**WHAT YOU WILL DO**: The reply should contain the full listing exactly as written and no pictures at all.

**DATA BELOW**:
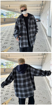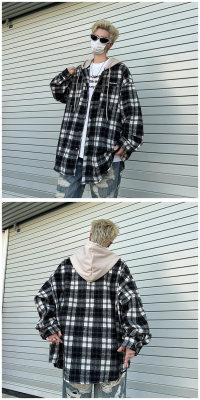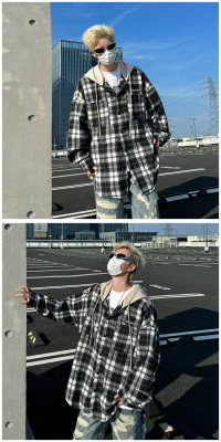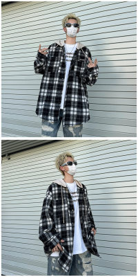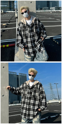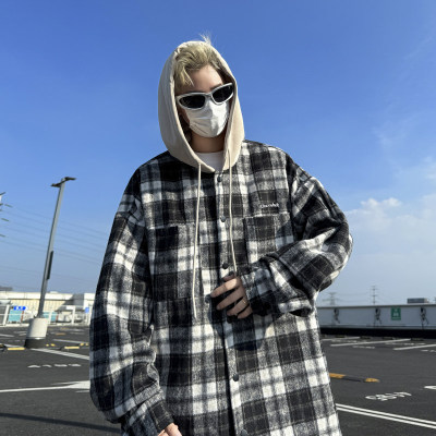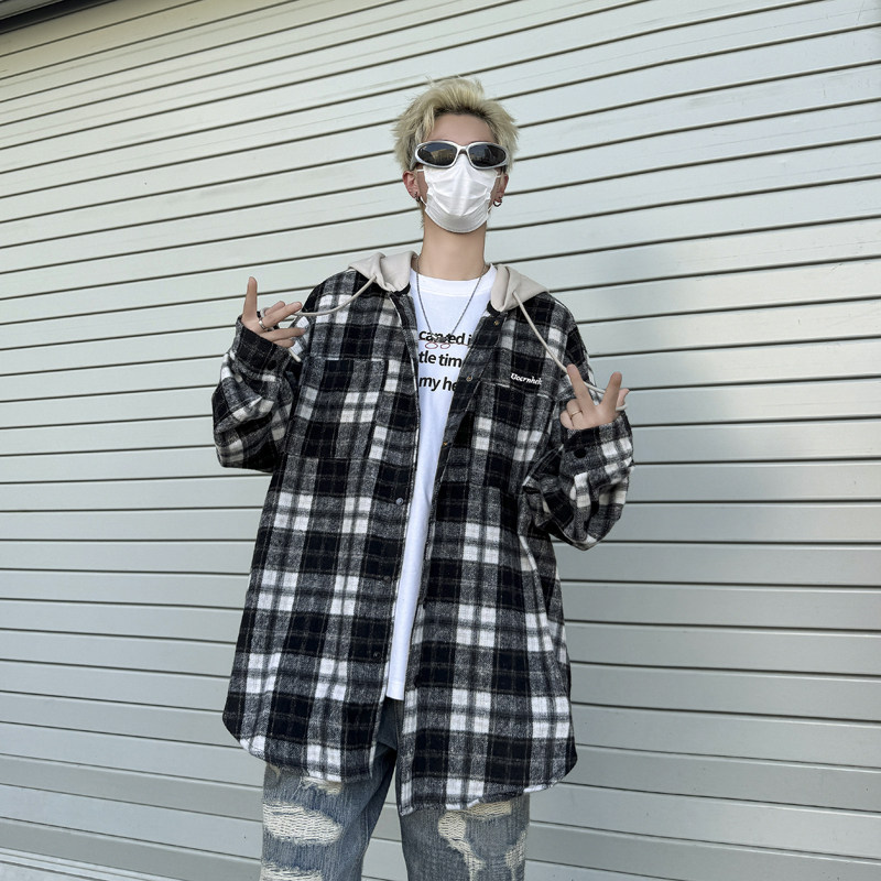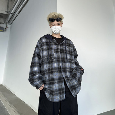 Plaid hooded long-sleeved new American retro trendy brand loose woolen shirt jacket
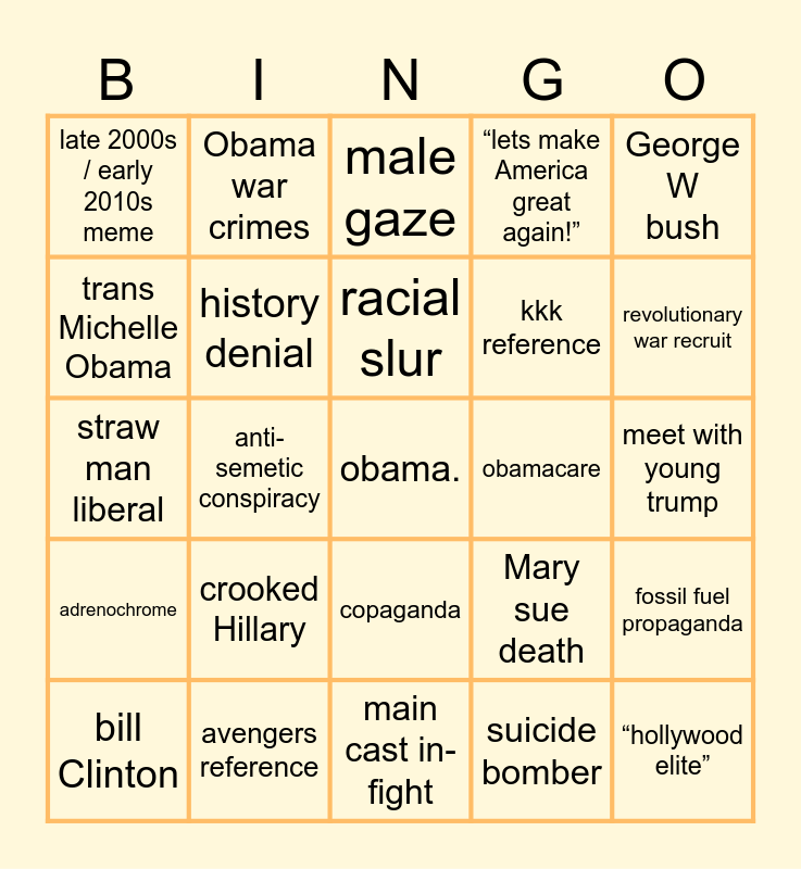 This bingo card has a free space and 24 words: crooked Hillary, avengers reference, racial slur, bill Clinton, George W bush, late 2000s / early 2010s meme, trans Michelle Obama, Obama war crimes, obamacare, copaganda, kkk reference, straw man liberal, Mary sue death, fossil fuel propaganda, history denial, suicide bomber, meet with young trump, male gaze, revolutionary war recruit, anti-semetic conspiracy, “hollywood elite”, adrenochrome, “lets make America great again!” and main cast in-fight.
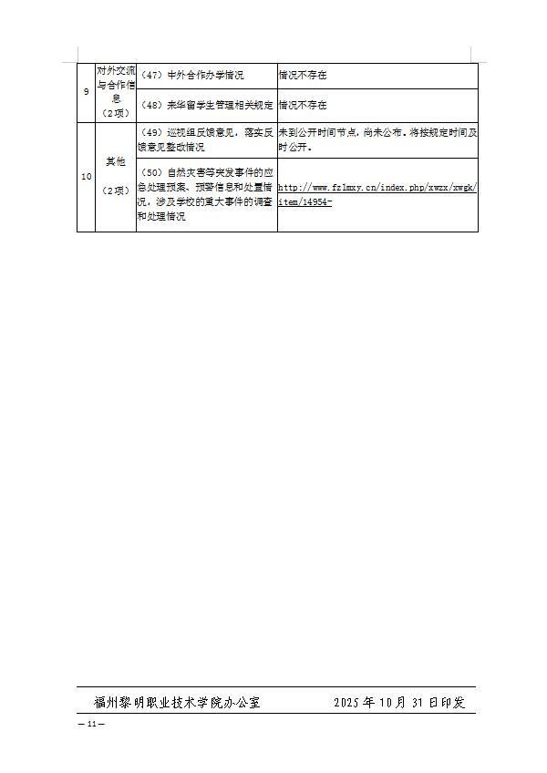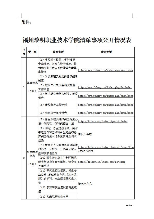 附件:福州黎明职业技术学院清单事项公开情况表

**EXPECTED OUTPUT**:
 Plaid hooded long-sleeved new American retro trendy brand loose woolen shirt jacket
 This bingo card has a free space and 24 words: crooked Hillary, avengers reference, racial slur, bill Clinton, George W bush, late 2000s / early 2010s meme, trans Michelle Obama, Obama war crimes, obamacare, copaganda, kkk reference, straw man liberal, Mary sue death, fossil fuel propaganda, history denial, suicide bomber, meet with young trump, male gaze, revolutionary war recruit, anti-semetic conspiracy, “hollywood elite”, adrenochrome, “lets make America great again!” and main cast in-fight.
 附件:福州黎明职业技术学院清单事项公开情况表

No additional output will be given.